First a bit of background on this particular contest. The data is very high dimensional (1875 features) and multicategorical (9 classes). You get 1000 labeled training points, which isn't nearly enough to learn a good classifier on this data. In addition you get ~130000 unlabeled points. The goal is to leverage all the unlabeled data to be able to build a decent classifier out of the labeled data. To top it off you have no idea what the data represents, so it's impossible to use any domain knowledge.

I saw this contest a couple of weeks ago shortly after hearing a colleague's PhD proposal. His topic is the building networks of Kohonen Self-Organizing Maps for time series data, so SOMs are where my mind went first. SOMs are a good fit for this task: they can learn on labeled or unlabeled data, and they're excellent at dimensionality reduction.

An SOM of macroeconomic features. From Sarlin, "Exploiting the self-organizing financial stability map," 2013.
An SOM of macroeconomic features. From Sarlin, "Exploiting the self-organizing financial stability map," 2013.

My approach was to use the unlabeled training data to learn a SOM, since they lend themselves well to unsupervised learning. Then I passed the labeled data to the SOM. The maximally active node (i.e. the node whose weight vector best matches the input vector, aka the "best matching unit" or BMU) got tagged with the class of that training sample. Then I could repeat with the test data, and read out the class(es) tagged to the BMU for each data point.

So far that's simple enough, but there is far too much data to learn a SOM on efficiently,1 so I turned to my old ensemble methods.

[1] SOM bagging. The most obvious approach in many ways. Train each network on only a random subset of the data. The problem here is that any reasonable fraction of the data is still too big to get into memory. (IIRC Breiman's original Bagging paper used full boostraps, i.e. resamples the same size as the original set and even tested using resamples larger than the original data. That's not an option for me.) I could only manage 4096 data points (a paltry 3% of the data set) in each sample without page faulting. (Keep in mind again that a big chunk of this machine's memory was being used on my actual work.)

[2] SOM random dendrites. Like random forests, use the whole data set but only select a subset of the features for each SOM to learn from. I could use 64 of 1985 features at a time. This is also about 3%; the standard is IIRC more like 20%.

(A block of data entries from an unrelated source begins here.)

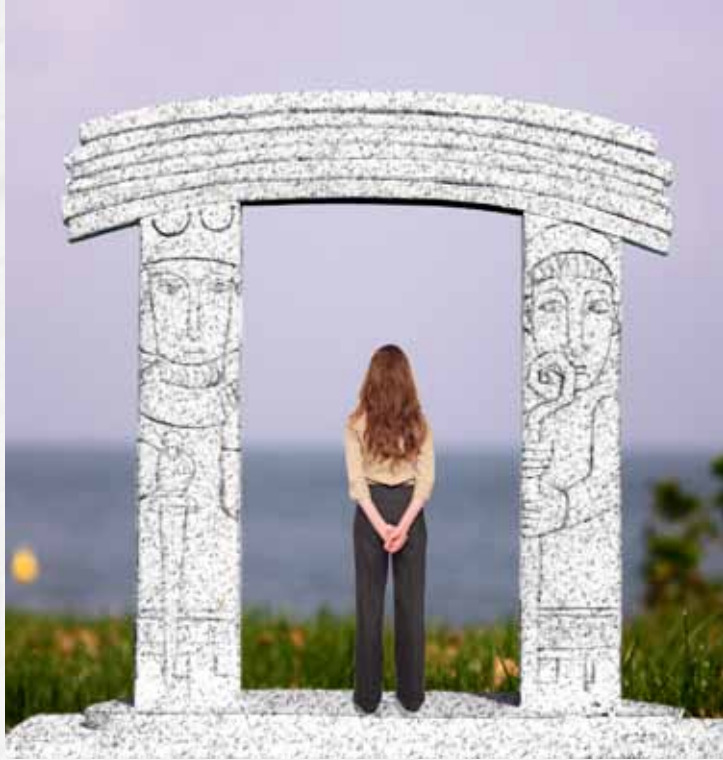
Computer generated image of sculpture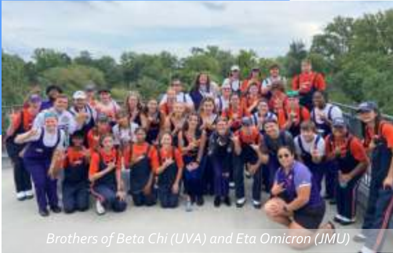
Brothers of Beta Chi (UVA) and Eta Omicron (JMU)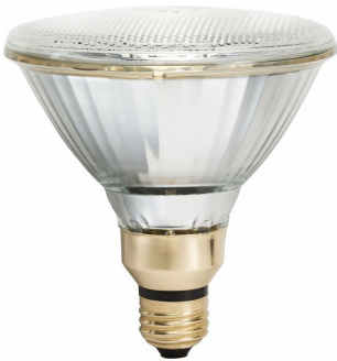
CDM PAR38 Medium Base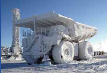
SDB CAT 793 - Canada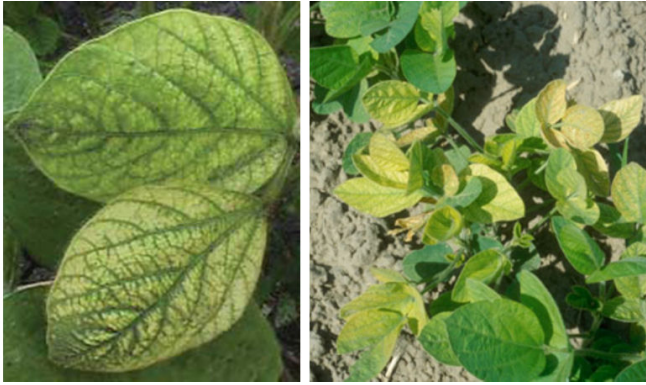
Figure 4. Interveinal chlorosis due to iron deficiency (left). Note the similar appearance to Mn deficiency (Figure 3) and stunted growth (right).

Iron Chelate Treatments - Historically, soil-applied iron chelates could not be justified due to cost, and the value of seed- and foliar-applied treatments was also questionable in Pioneer and University studies. However, a relatively new soil-applied Fe-EDDHA, Soygreen ® , is less expensive at about $10 to $15/acre. Pioneer and University studies have shown a profitable response of Soygreen, but in Pioneer studies, Soygreen did not increase yields of tolerant varieties with a rating of “7”.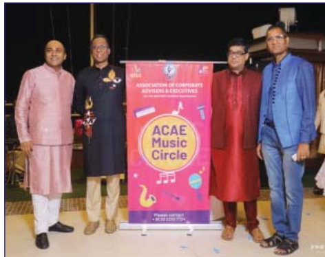
Launch of ACAE Music Circle

In order to add a bit more diversity to ensemble members I trained each for a random number of epochs between 100 and 200. There are a lot of other parameters that could have been adjusted to add diversity: smoothing, distance function and size of neighborhoods, size of network, network topology, ...

This is all pretty basic. There tricky part is combining the individual SOM predictions. For starters, how should you make a prediction with a single SOM? The BMU often had several different classes associated with it. You can pick whichever class has a plurality, and give that network's vote to that class. You can assign fractions of its vote in proportion to the class ratio of the BMU. You can take into account the distance between the sample of the BMU, and incorporate the BMU's neighbors. You can use a softmax or other probabilistic process. You can weight nodes individually or weight the votes of each SOM. This weighting can be done the traditional way (e.g. based on accuracy on a validation set) or in a way that is unique to the SOM's competitive learning process (e.g. how many times was this node the BMU? what is the distance in weight-space between this node and its neighbors? how much has this node moved in the final training epochs?).

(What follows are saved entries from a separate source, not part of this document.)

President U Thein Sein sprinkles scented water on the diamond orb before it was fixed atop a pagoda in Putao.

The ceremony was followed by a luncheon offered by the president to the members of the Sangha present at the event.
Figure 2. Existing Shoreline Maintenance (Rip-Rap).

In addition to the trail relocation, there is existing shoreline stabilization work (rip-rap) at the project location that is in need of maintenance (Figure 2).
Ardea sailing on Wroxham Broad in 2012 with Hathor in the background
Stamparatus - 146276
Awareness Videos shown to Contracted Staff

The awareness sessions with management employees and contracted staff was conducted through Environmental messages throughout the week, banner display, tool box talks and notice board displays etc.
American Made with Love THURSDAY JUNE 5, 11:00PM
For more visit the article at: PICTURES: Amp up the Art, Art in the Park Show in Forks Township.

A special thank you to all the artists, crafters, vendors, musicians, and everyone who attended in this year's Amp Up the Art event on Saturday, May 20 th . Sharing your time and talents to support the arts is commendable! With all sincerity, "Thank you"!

At some point I'm going to come back to this. I have no idea if Kaggle keeps the infrastructure set up to allow post-deadline submissions, but I hope they do. I'd like to get my score on this just to satisfy my own curiosity.

This blackbox prediction concept kept cropping up in my mind while reading Nate Silver's The Signal and the Noise. We've got all these Big Questions where we're theoretically using scientific methods to reach conclusions, and yet new evidence rarely seems to change anyone's mind.

Does Medicaid improve health outcomes? Does the minimum wage increase unemployment? Did the ARRA stimulus spending work? In theory the Baicker et al. Oregon study, Card & Krueger, and the OMB's modeling ought to cause people to update beliefs but they rarely do. Let's not even get started on the IPCC, Mann's hockey stick, etc.

So here's what I'd like to do for each of these supposedly-evidence-based-and-numerical-but-not-really issues. Assemble an expert group of econometricians, modelers, quants and so on. Give them a bunch of unlabeled data. They won't know what problem they're working on or what any of the features are. Ask them to come up with the best predictors they can.

If they determine minimum wages drive unemployment without knowing they're looking at economic data then that's good evidence the two are linked. If their solution uses Stanley Cup winners but not atmospheric CO2 levels to predict tornado frequency then that's good evidence CO2 isn't a driver of tornadoes.

I don't expect this to settle any of these questions once-and-for-all — I don't expect anything at all will do that. There are too many problems (who decides what goes in the data set or how it's cleaned or scaled or lagged?). But I think doing things double-blind like this would create a lot more confidence in econometric-style results. In a way it even lessens the data-trawling problem by stepping into the issue head-on: no more doubting how much the researchers just went fishing for any correlation they could find, because we know that's exactly what they did, so we can be fully skeptical of their results.

  1. I also ran up against computational constraints here. I'm using almost every CPU cycle (and most of the RAM) I can get my hands on to run some last-minute analysis for the aforementioned paper submission, so I didn't have a lot of resources left over to throw at this. To top it off there's a bunch of end-of-semester server maintenance going on which both took processors out of the rotation and prevented me from parallelizing this the way I wanted. []
Posted in Business / Economics, CS / Science / Tech / Coding | Tagged , , | Leave a comment

"Traffic," Tom Vanderbilt

This is a good compendium. Nothing too ground-breaking here, but Vanderbilt does cover a lot of ground.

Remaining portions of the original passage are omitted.